Summary

Our Score

7/10

Review Price £84.95

Okay, okay, we know it's a bit silly: a DAB radio that looks like a guitar amp. But, if you're looking for a fun gift for a rock-lovin' friend or family member or just need something to finish off you're home studio in style, this radio could be right up your street. Pure is one of the most respected manufacturers of compact desktop DAB radios, producing as it does well made, decent sounding, and above all easy to use products like the Pure Evoke Flow and Pure Evoke 3. Meanwhile Marshall Amps has been producing some of the world's finest guitar amplifiers and speaker cabinets for over 50 years. With that sort of heritage, what can go wrong?

The styling of the Pure Evoke-1S Marshall is obviously an homage to the classic Marshall amp look with black vinyl covering, big chunky plastic corner protectors, a large rubber handle, white Marshall logo, and gold hardware. It's certainly not going to be to everyone's taste but within the confines of making a radio that looks like a Marshall amp, it's about as good as we would expect.

Build quality, though, is not up for debate. Just as the company's amps are built to survive a life on the road, so the Evoke-1S Marshall is equipped to brush aside all that a kitchen window sill or shed shelf can meter out. Those corner protectors should save this radio from any severe damage from falls, unless you're unfortunate enough to have it land straight on one of the knobs. Meanwhile the tough yet soft vinyl does a good job of absorbing and disguising any minor knocks, and is wipeclean.

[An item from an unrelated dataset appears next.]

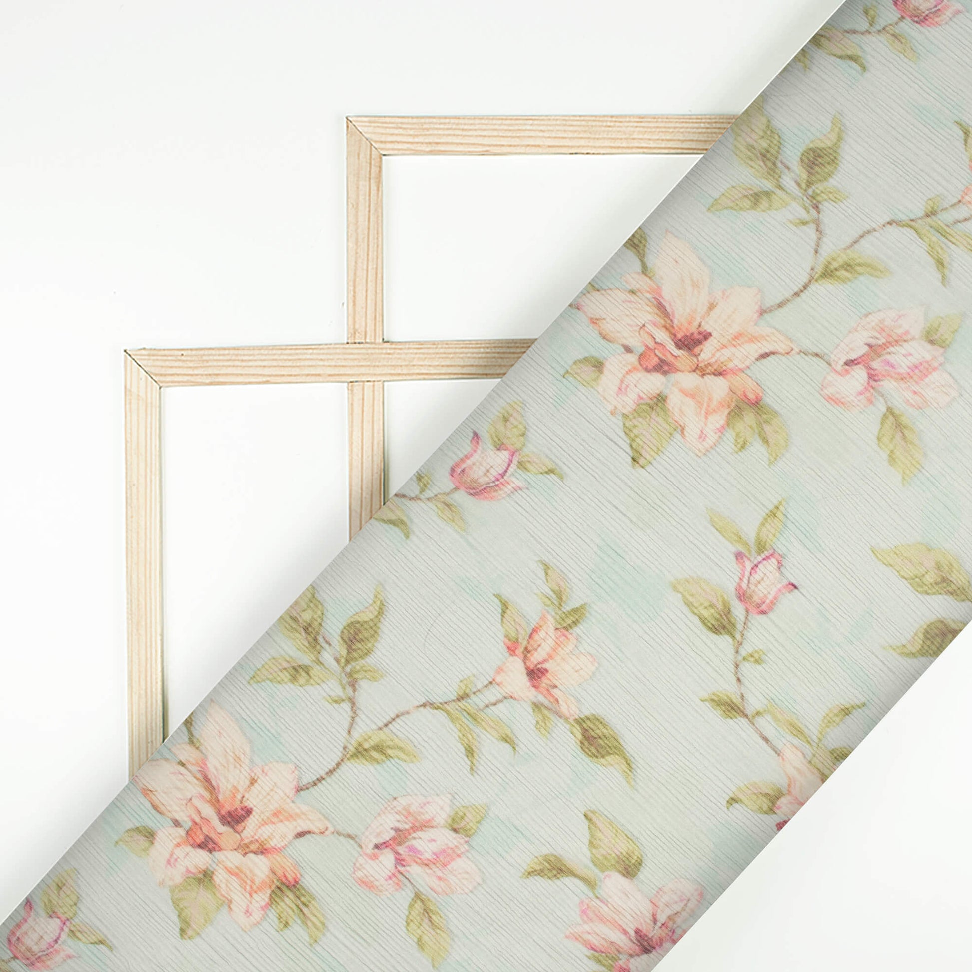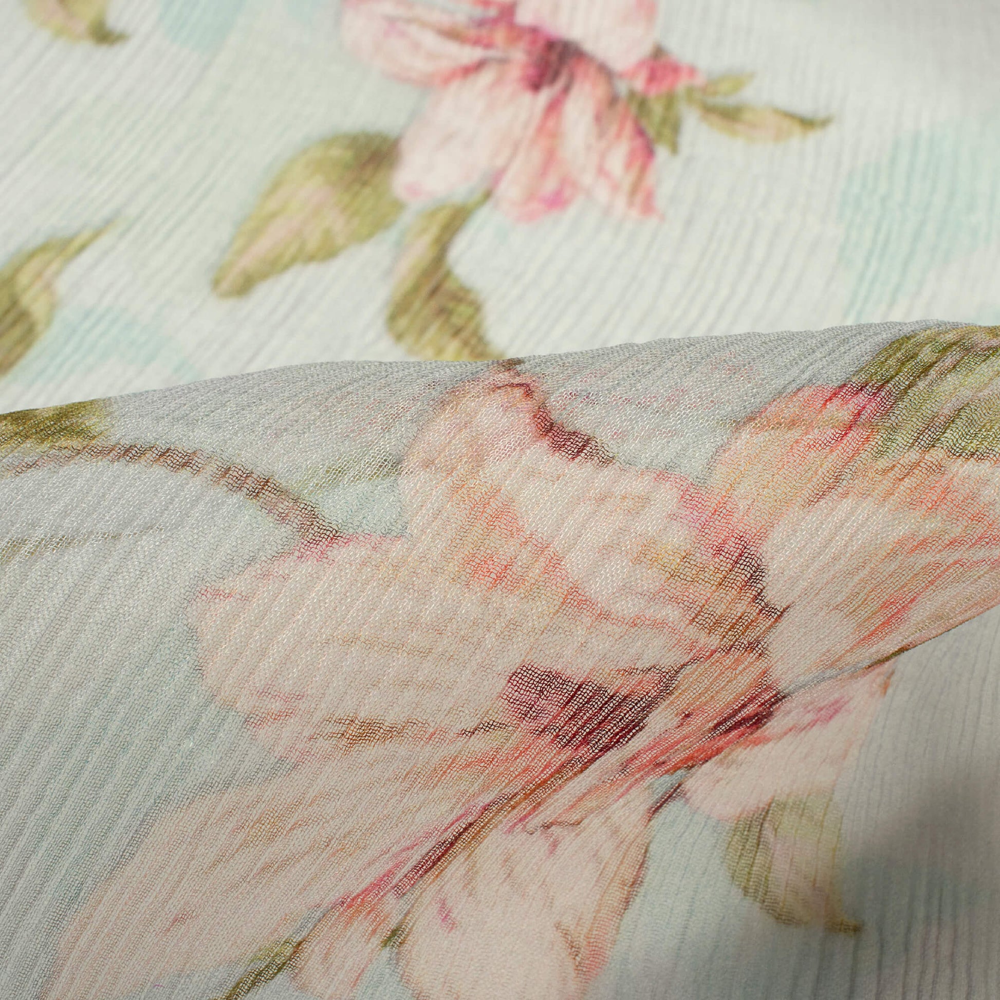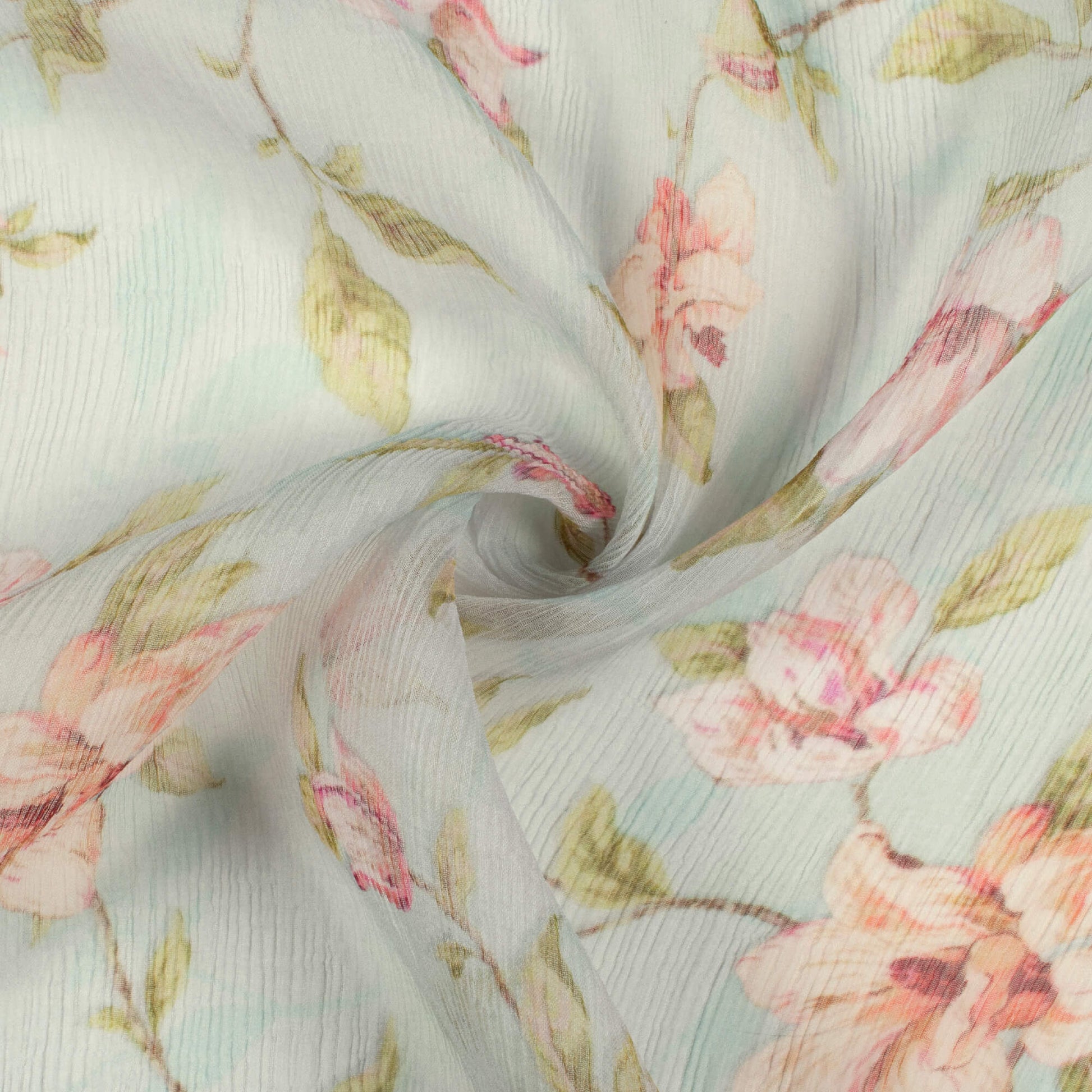 Baby Blue And Pink Floral Pattern Digital Print Bemberg Chiffon Fabric

On the underside are four rubber feet that will stop anything scratching the radio and stop the radio from fighting back. As for that rubber handle, it looks and feels identical to those used on full size Marshall Amps, which are quite capable of taking the weight of a 30Kg amp, so this radio's mere 2.2Kg should cause it no problems.

The only slight let down with regards fit and finish is the plastic control panel section. While the gold sections are brass (hmmm, oxymoronic), the surrounding black sections are plastic. It still looks okay and is by no means something to get hung up on but it's worth noting.

Round the back is the telescopic aerial, the battery compartment and a number of the ports. From left to right there's a USB socket that can be used to update the devices firmware, an auxiliary speaker output for adding stereo sound via a matching second speaker (the S-1, available for £35), a headphone output, a line-level output, a line-level auxiliary input, and of course power. One annoyance with Pure radios is their use of a proprietary battery pack, rather than just normal AAs or such like. However, the optional battery pack will get you 24 hours of portable listening.

Under all this Marshall clothing sits an otherwise bog standard Pure Evoke-1S DAB radio. So you get the ability to tune into DAB and FM stations with up to 30 station presets shared between the two types. Five of these presets can be accessed directly via the buttons on the front while pressing the 6+ button will bring up a list of the other 25 presets that you can then scroll through.